U.S. soldier in Afghanistan gets $16,000 AT&T bill - Mithrandir
http://news.cnet.com/8301-17852_3-20026118-71.html

======
rianjs
This happened to me when I went to Europe in 2005. I called AT&T and inquired
about and then added their international thing (I think it was $10/mo at that
time), and no one told me that calls would be billed at exorbitant rates. I
forget the charge per minute, but $5 seems a little high, but not by that
much. Why did they neglect to mention this? I have no idea.

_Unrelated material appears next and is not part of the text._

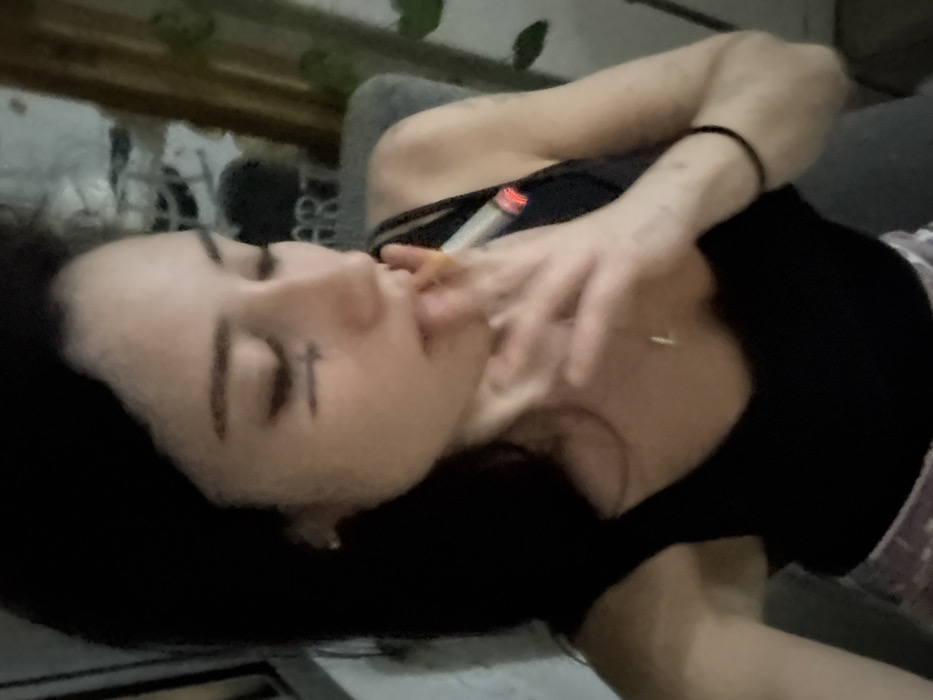 The image depicts a female subject indoors, likely within a private residence in Buenos Aires, Argentina; the precise location within the city is not discernible. The subject, a young adult with dark hair, is shown in left profile, looking downward. She wears a black tank top and light-colored, patterned lower garments. A black arrow-like marking is present below her right eye. She holds a lit cigarette with a visibly glowing red tip in her right hand, near her open mouth, where her tongue is partially visible. Her left hand is raised, fingers partially obscuring her face, appearing to interact with the cigarette or mouth area. A thin ring is on her left ring finger, and a black hair tie is on her left wrist. She is seated on what appears to be a light grey upholstered chair or couch. The blurry background indicates an interior space, featuring indistinct objects, including a partial rendering of the word "ART" and a green botanical element. The environment is dimly lit.

I didn't make many calls while I was there, but still had a $500 phone bill.
AT&T split the difference with me, but it was an infuriating experience, and
I'll never go back to AT&T as a result.

------
retube
I have little doubt that AT&T failed to mention that calls would cost $5/min.
Anecdotally, I have an english friend who moved to California for 2 years a
little while back. He was sold a UK-calling plan at some dollars / month (much
more than 5, enough for him to assume it was all inclusive). Anyways, 3 months
later he gets a multi-thousand dollar bill for call charges to the UK. Ended
up having to pay it, although he was never told of the additional per minute
billing.

------
notahacker
You'd think that someone within the company's customer support would be
allowed to show a little initiative and realise that not writing off
extortionate bills for soldiers in Iraq just _might_ be bad publicity...